JSON Schema for pypyr YAML files #229

vlcinsky · 2021-08-13T13:11:20Z

Having JSON schema for pypyr YAML configuration files would be handy. Many editors (at least my neovim) allow to configure runtime validation of authored file if JSON schema is available.

My question is - is there any JSON schema for pypyr already in place? My quick research did not reveal any.

If it does not exist, I am considering authoring one (using pydantic allows to create such a schema very simply).

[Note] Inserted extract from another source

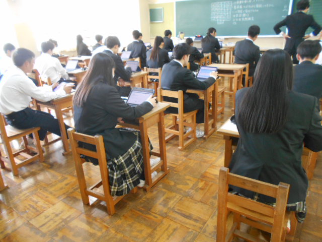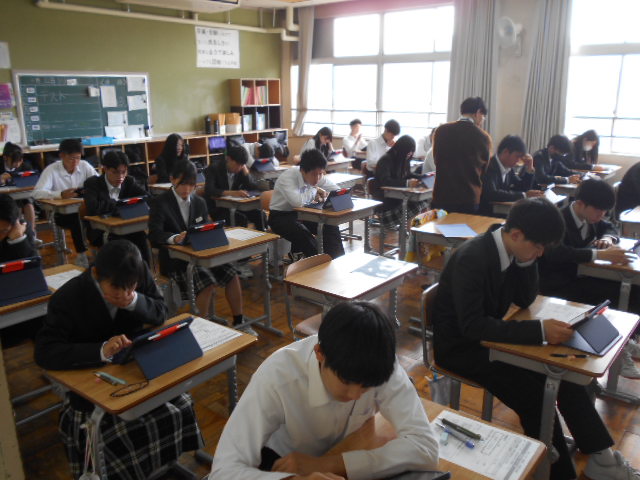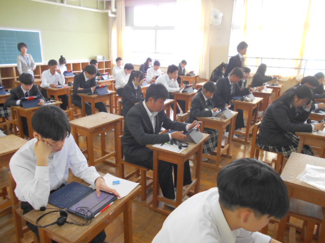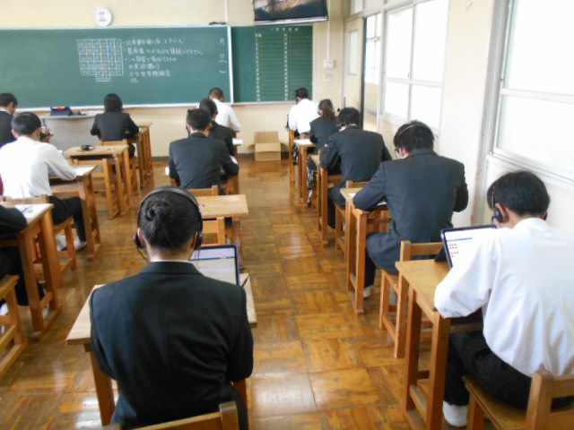 ヘッドセットを装着し、問題に向き合う3年生の集中した姿がありました。

yaythomas · 2021-08-13T13:37:27Z

great idea @vlcinsky! 🎉

is your idea to create a model file for Pydantic somewhere like schema/pipelinemodel.py?

sadly there isn't a one-stop "valid" pipeline schema. . . but valid keys & structure is fully documented:

the top-level pipeline structure keys look like this: https://pypyr.io/docs/pipelines/pipeline-structure/. keep in mind that a user can create custom-step groups, so it's not just context_parser, steps, on_success & on_failure that are valid as top-level keys, you could easily have "mycustomgroup". The only mandatory key is steps.
and these are all the possible attributes for a step (including default values) - AKA decorators: https://pypyr.io/docs/decorators/

Also keep in mind that YAML (and also pypyr!) supports YAML references/anchors - I don't know how/if this works with a schema.

vlcinsky · 2021-08-20T20:39:40Z

@yaythomas thanks for hints. Last weekend i worked on it a bit. It is probably doable, but you are right it is extensive task and there are risks that it would not serve as well as it could.

For that reason I am setting this task on hold on my side.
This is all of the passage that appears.